Because they are one-offs, with seldom any impact on the overall shape of government, by-elections often free up voters to indulge themselves in a way they would not normally do at a general election. By-elections are the opportunity to give the politicians the proverbial kick in the pants, without really upsetting the apple cart. While most by-elections see the incumbent party re-elected, there are sometimes occasions when real changes are made.

Seven times in the last 50 years by-elections in New Zealand have seen a seat move from the Government to the Opposition. (National lost Palmerston North to Labour in 1967; Marlborough to Labour in 1970; Rangitikei to Social Credit in Rangitikei; and, East Coast Bays lost to Social Credit in 1980. Labour lost Timaru to National in 1985; Te Tai Hauauru to the Maori Party in 2004; and, National lost Northland to New Zealand First in 2015.) No seat has ever gone the other way – from the Opposition to the Government.
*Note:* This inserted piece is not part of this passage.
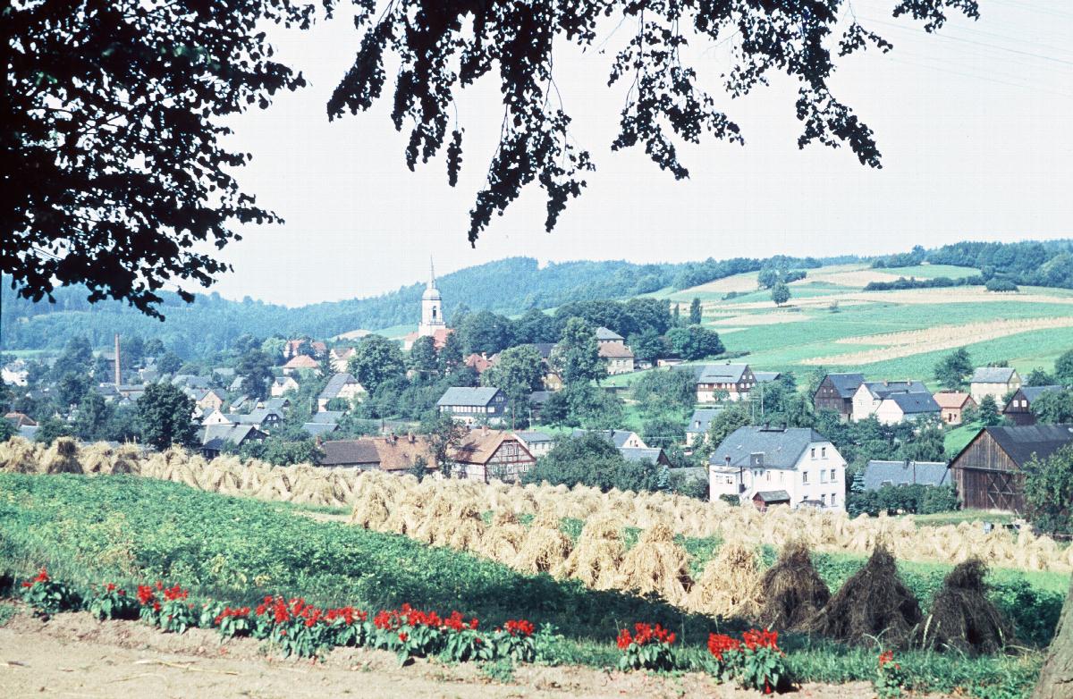 Blick über Heustapeln auf eine Kirche und Ortschaft

But here is the rub. In only one of those instances did the governing party that lost the seat at a by-election also lose the next general election (National’s loss of Marlborough in 1970 heralded its landslide loss in 1972). In every other case, the governing party went on to serve another term in government. Also, with the obvious exclusion of Northland where it is too early to tell, the by-election change was not a temporary fling – it took at least two further general elections before the seat reverted to its previous holder.
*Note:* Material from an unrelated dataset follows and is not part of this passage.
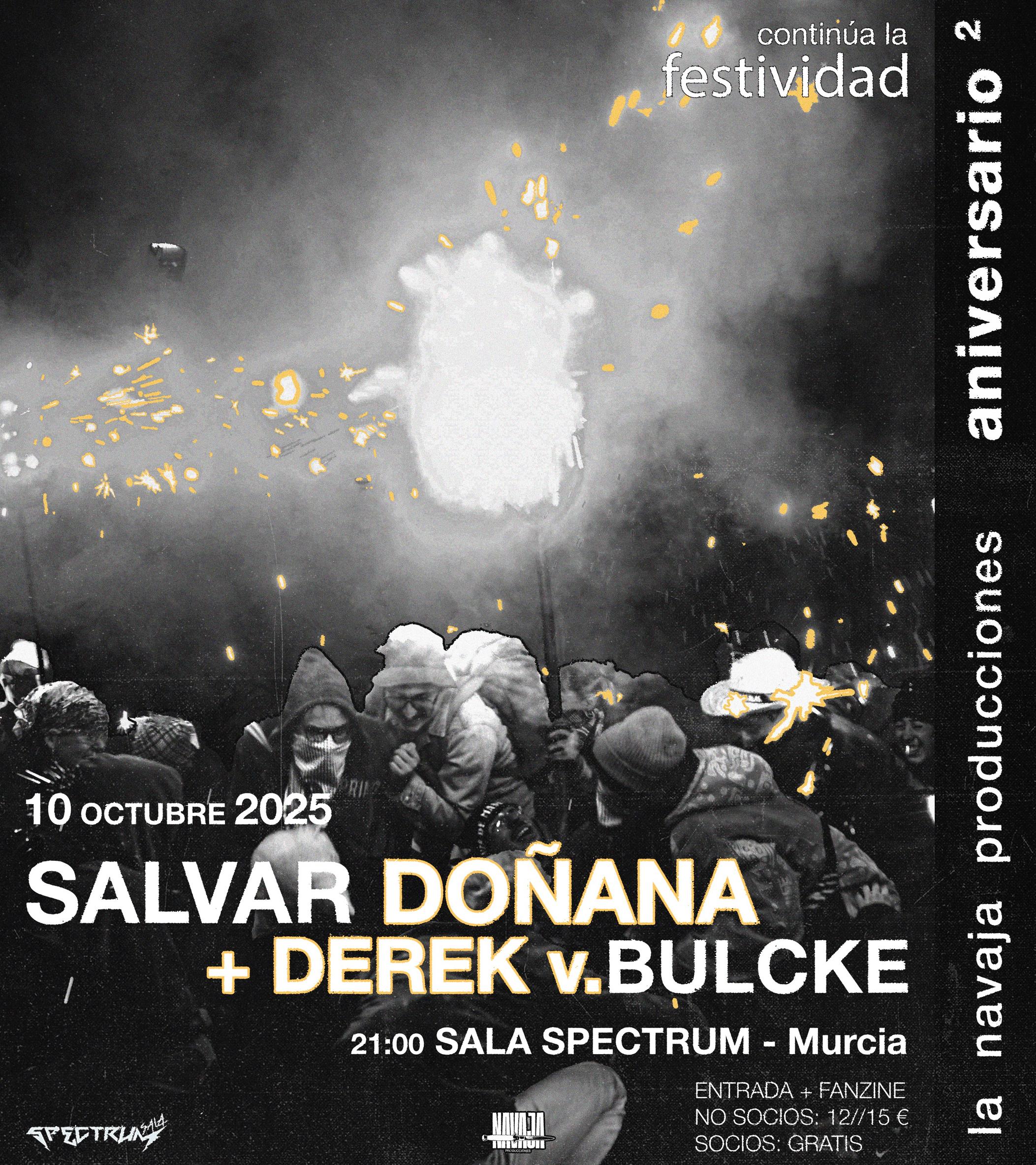 La Navaja Producciones celebramos nuestro segundo año de vida con un evento especial que reunirá a Salvar Doñana y Derek v.Bulcke en la sala Spectrum de Murcia el 10 de octubre.

A similar pattern exists in Britain, although from the time of the Orpington by-election in 1962 by-elections have often heralded a brief Liberal revival, or other third party successes, and, in the case of Scotland from the time of Winnie Ewing’s victory in the Hamilton by-election in 1967, the rise of the Scottish National Party.

All this adds to the pressure on the Labour Party in the Roskill by-election. Labour has not just to win, but has to win well. National, on the other hand, has no such expectations. In the extremely unlikely event it reverses every known trend and takes the seat, it will have triggered a political earthquake. Roskill is after all a fortress Labour seat, not held by National since 1957. Winning it would completely rewrite the history books. But it is most unlikely to happen, meaning National’s best hope is a close result which would be a pyrrhic victory for its candidate and a severe blow to Labour’s morale, just under a year out from the general election.

So pity the poor voters of Roskill who are likely to see more politicians over the next few weeks than most will see in a lifetime. The promises will flow – light rail here, probably upgraded schools and more housing there, none of which will ever come to pass. Thankfully, Roskill is a little further away from Auckland Airport than Richmond is from Heathrow, otherwise accelerating the runway extension would also be on the table. And then it would really be all on!